Ведя такую бродячую и жалкую жизнь, Джонсон влюбился. Объектом его страсти стала миссис Элизабет Портер (1688–1752), вдова Гарри Портера (ум. 1734), чья дочь Люси родилась всего через шесть лет после самого Джонсона. Обычным наблюдателям леди казалась невысокой, толстой, грубой женщиной, накрашенной на полдюйма толщиной, одетой в кричащие цвета и любящей демонстрировать провинциальные манеры и грацию, которые были не совсем такими, как у Куинсберри и Лепелей.
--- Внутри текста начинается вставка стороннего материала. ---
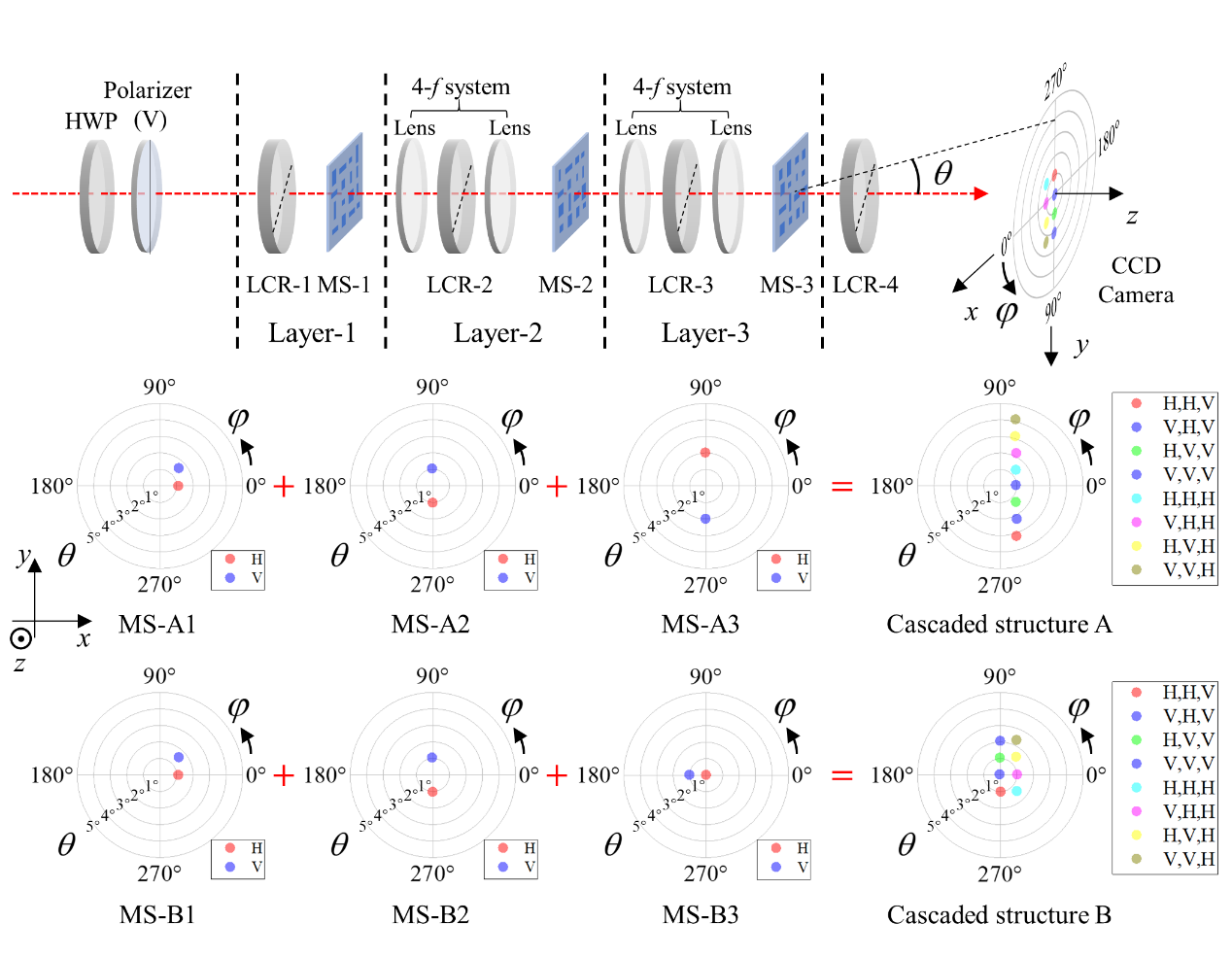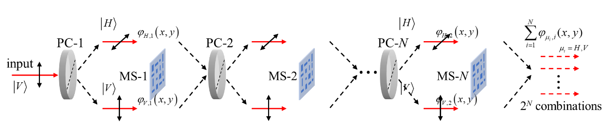 为了提升通道数量,研究团队采用N个偏振相关超表面进行级联,同时在每个超表面前增加一个偏振控制器,使得该超表面的输入光可在2个正交偏振态间切换。此时,整个级联结构中的光偏振态将具有2N种组合,对应的等效波前操控模板也具有2N种情况。然而,这些模板间具有相关性,自由度仅为N+1,无法对应2N个任意的功能进行设计。

Однако для Джонсона, чьи страсти были сильны, чье зрение было слишком слабым, чтобы отличить румяна от естественного румянца, и который редко или никогда не находился в одной комнате с женщиной из настоящего высшего общества, его Тетти, как он ее называл, была самой красивой, грациозной и совершенной из своего пола. В том, что его восхищение было искренним, сомневаться нельзя; у нее, однако, было совместное владение в 600 фунтов, а может быть, и немного больше; она происходила из хорошей семьи, а ее сын Джервис (ум. 1763) командовал кораблем Его Величества «Геркулес». Брак, несмотря на случайные ссоры, оказался счастливее, чем можно было ожидать. Влюбленный продолжал пребывать в иллюзиях дня свадьбы (9 июля 1735 года) до тех пор, пока леди не скончалась на шестьдесят четвертом году жизни. На ее памятнике в Бромли он поместил надпись, превозносящую прелести ее личности и манер; и когда, спустя долгое время после ее кончины, ему случалось упоминать ее, он восклицал с нежностью, наполовину смешной, наполовину патетической: «Милое создание!»
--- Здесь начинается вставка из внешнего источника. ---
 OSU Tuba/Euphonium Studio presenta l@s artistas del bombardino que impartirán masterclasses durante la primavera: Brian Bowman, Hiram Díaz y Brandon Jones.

Его женитьба заставила его приложить больше усилий, чем он делал до сих пор. Он снял дом в Эдиале близ Личфилда и дал объявление о поиске учеников. Но прошло восемнадцать месяцев, и в его академию пришли только три ученика. «Гримасы», которые Джонсон привычно строил (вероятно, нервные конвульсии из-за его расстройства), вполне могли напугать родителей. Хотя он был хорошим ученым, эти подергивания стоили ему мест помощника учителя в 1735 и 1736 годах. Дэвид Гаррик, который был одним из учеников, много лет спустя имел обыкновение доводить лучшую компанию Лондона до конвульсий смеха, имитируя учителя и его жену.

Наконец, Джонсон, на двадцать восьмом году жизни, решил попытать счастья в Лондоне в качестве литературного авантюриста. Он отправился в путь с несколькими гинеями, тремя актами своей трагедии «Ирена» в рукописи и двумя-тремя рекомендательными письмами от своего друга Уолмсли. Никогда с тех пор, как литература стала профессией в Англии, она не была менее доходным занятием, чем в то время, когда Джонсон поселился в Лондоне. В предыдущем поколении писатель выдающихся заслуг был уверен, что будет щедро вознагражден правительством. Минимум, на что он мог рассчитывать, — это пенсия или синекура; и если он проявлял хоть какие-то способности к политике, он мог надеяться стать членом парламента, лордом казначейства, послом, государственным секретарем. Но литература перестала процветать под покровительством великих мира сего и еще не начала процветать под покровительством публики. Один литератор, правда, Поуп, приобрел своим пером то, что тогда считалось солидным состоянием, и жил на равных с дворянами и государственными министрами. Но это было единственное исключение. Даже автор, чья репутация была установлена, а произведения популярны — такой автор, как Томсон, чьи «Времена года» были в каждой библиотеке, такой автор, как Филдинг, чей «Пасквин» имел больший успех, чем любая драма со времен «Оперы нищего» — иногда был рад получить, заложив свой лучший сюртук, средства на обед из рубцов в подземной закусочной, где он мог вытереть руки после жирной трапезы о спину ньюфаундлендской собаки. Легко, следовательно, представить, какие унижения и лишения должны были ожидать новичка, которому еще предстояло заработать имя. Один из издателей, к которому Джонсон обратился за работой, с презрением оглядел эту атлетическую, хотя и неуклюжую фигуру и воскликнул: «Вам лучше взять носильщицкий узел и таскать сундуки». И совет был неплох, ибо носильщик, скорее всего, был бы сытнее накормлен и комфортнее устроен, чем поэт.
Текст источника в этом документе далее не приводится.